Desde entonces, al error que consiste en medir lo que sea que se puede medir, despreciar todo aquello a lo que no podemos adjudicar un valor cuantitativo y asumir que lo que no podemos medir realmente no importa -o no existe- lo llamamos falacia de Mcnamara.

Con los hombres contemporáneos llevamos una década poniendo en práctica esta falacia. Hace mucho tiempo que sabemos que las desigualdades de género que se producían tradicionalmente entre hombres y mujeres se está invirtiendo. Por ejemplo, en 1972 se graduaban un 13% más de hombres que de mujeres en las universidades americanas. Hoy esa diferencia es del 15%, pero a favor de las mujeres. Un giro copernicano de 28 puntos.

En Europa se acaba de publicar un interesantísimo estudio sobre las diferencias de género entre los jóvenes con resultados parecidos: En España y otros países, ya hay más hombres jóvenes desempleados que mujeres. En algunos países de la UE las mujeres menores de 25 ya ganan más que los hombres y en la actualidad hay un gap de 11 puntos en la participación universitaria a favor de las mujeres. 

¿Pero qué significan todas estas cifras?

Nos quedaremos cortos si, atendiendo a lo que es medible, despreciamos el fenómeno que subyace a todo este malestar. Y es que la identidad masculina y su posición en el mundo se han determinado tradicionalmente a partir del papel que estos hombres jugaban en la esfera pública y, muy especialmente, en el mundo laboral. 

“La masculinidad sigue estando fuertemente ligada al rol de proveedor o sustentador del hogar, con una identidad masculina definida en gran medida por el trabajo. Así, la incapacidad económica para cumplir con esas expectativas ha avanzado más rápido que los cambios en la comprensión cultural de lo que significa ser hombre. La frustración que produce no poder responder a las expectativas económicas de la masculinidad afecta profundamente la salud mental y el estatus de los hombres. En este contexto, los discursos que apelan a restaurar el rol de proveedor culpando a otros grupos resultan más atractivos que la tarea, mucho más difícil, de redefinir la masculinidad.”

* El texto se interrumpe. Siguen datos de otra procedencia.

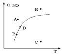 2NO2(g),△H>0,达平衡时NO的转化率与温度的关系,图上标有A、B、C、D、E点,其中表示未达平衡状态且V正<V逆的点是( )
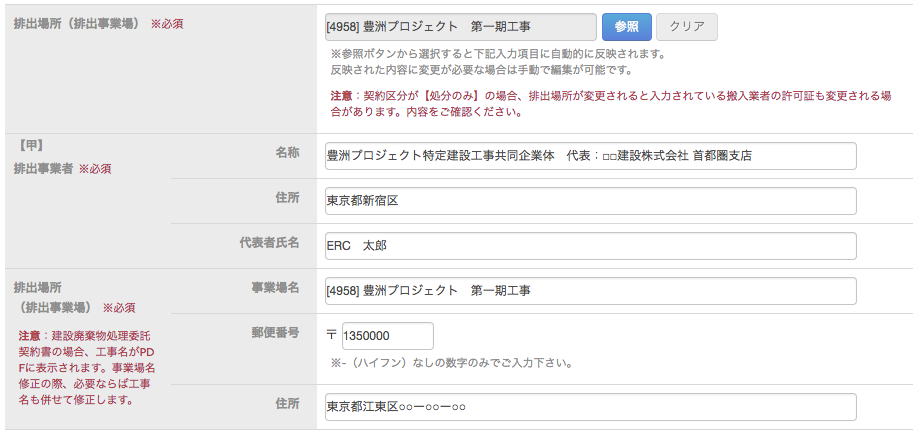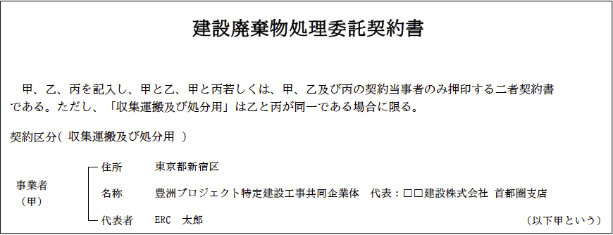 「【甲】排出事業者」を修正いただくことで、契約書PDFでは以下のように表示されます。

Para los hombres, tener una carrera profesional era un objetivo vital tan íntimo, tan deseado y tan necesario, como lo es para muchas mujeres tener hijos. Y seguro que se puede criticar que ese fuera un rol tradicional impuesto por una sociedad del que habría que liberarse -como ocurre, por otra parte, con la imposición social de tener hijos. Pero el hecho es que tenemos una legión de hombres jóvenes que tienen el deseo de cumplir con el rol que les habíamos asignado y que no pueden hacerlo.

Imaginemos que, para conseguir ese objetivo de la igualdad de género, a alguien se le hubiera ocurrido pedir a las mujeres que renunciasen a su deseo —impuesto, condicionado, aprendido, sí, pero real y sentido— de tener hijos. ¡Sería un escándalo! Estarían las consultas de las psicólogas llenas -más aún- de mujeres intentando poner sentido a semejante renuncia. Habría un nombre para ese fenómeno y un hashtag y se diseccionaría en las secciones de opinión de los periódicos.

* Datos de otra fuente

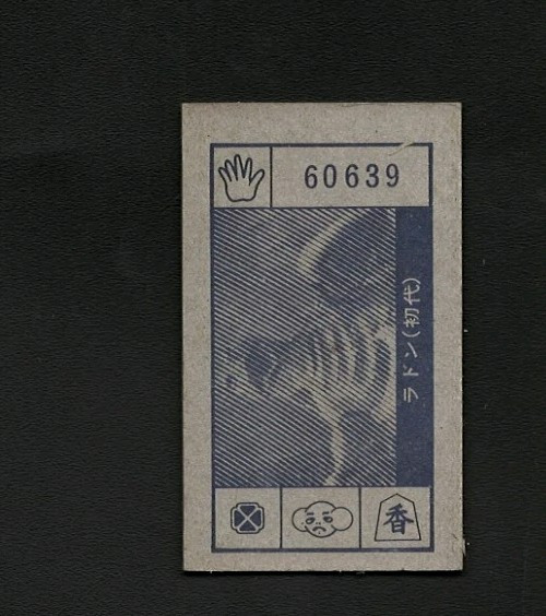 Godzilla Menko Battle Card Japanese. Vintage. Japan. Godzilla #60639. Very Rare 1960s Japanese issue. Cards are Tobacco size and 1/16" thick...

¿Entonces por qué normalizamos de esta manera pedirle a los hombres que hagan lo mismo? ¿Si la revolución feminista se produjo sin pedirle a las mujeres que renunciaran a nada, por qué nos parece bien pedírselo a los hombres? ¿Si en otras esferas de la vida no aceptamos que las cosas sean un juego de suma cero donde alguien tiene que perder, por qué en este caso nos rendimos a que los hombres tengan que perder ese rol en su vida profesional?

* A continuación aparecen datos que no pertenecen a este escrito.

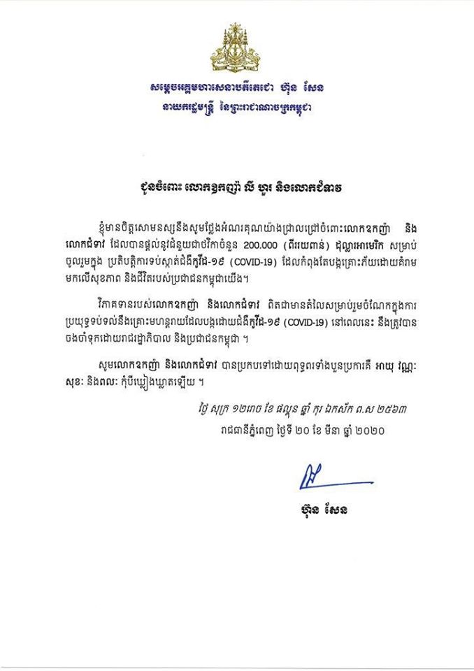 (ភ្នំពេញ)៖ នាព្រឹកថ្ងៃទី២០ ខែមីនា ឆ្នាំ២០២០នេះ សម្តេចអគ្គមហាសេនាបតីតេជោ ហ៊ុន សែន បានផ្ញើលិខិតថ្លែងអំណរគុណចំពោះ ឯកឧត្តមឧបនាយករដ្ឋមន្ត្រី ហោ ណាំហុង និងលោកជំទាវ ដែលចូលរួមបរិច្ចាគទឹកប្រាក់ចំនួន ១០.០០០(មួយម៉ឺន) ដុល្លារអាមេរិក ក្នុងការទប់ទល់នឹងសភាពការណ៍នៃជំងឺកូវីដ១៩៕

Tenemos entre manos una profunda crisis de la masculinidad que nos afecta a todos y a todas. Una para la que, además, no tenemos aún ni la mitad de las respuestas. Y sería increíble que fueran los propios hombres los que encontraran los espacios para elaborar una nueva forma de estar en el mundo para ellos. Pero, como dice Bell Hooks, el primer acto de violencia que el patriarcado exige de los hombres no es la violencia hacia las mujeres, es que se ensañen en un ejercicio de automutilación psicológica para aniquilar sus propias partes emocionales.

Y son precisamente esos hombres emocionalmente amputados los que están teniendo que hacer la transición hacia nuevas formas de masculinidad mientras se desmoronan los anclajes que les habían dado seguridad y certidumbre en el pasado. 

Sería de justicia que este camino no lo tuvieran que hacer ellos solos.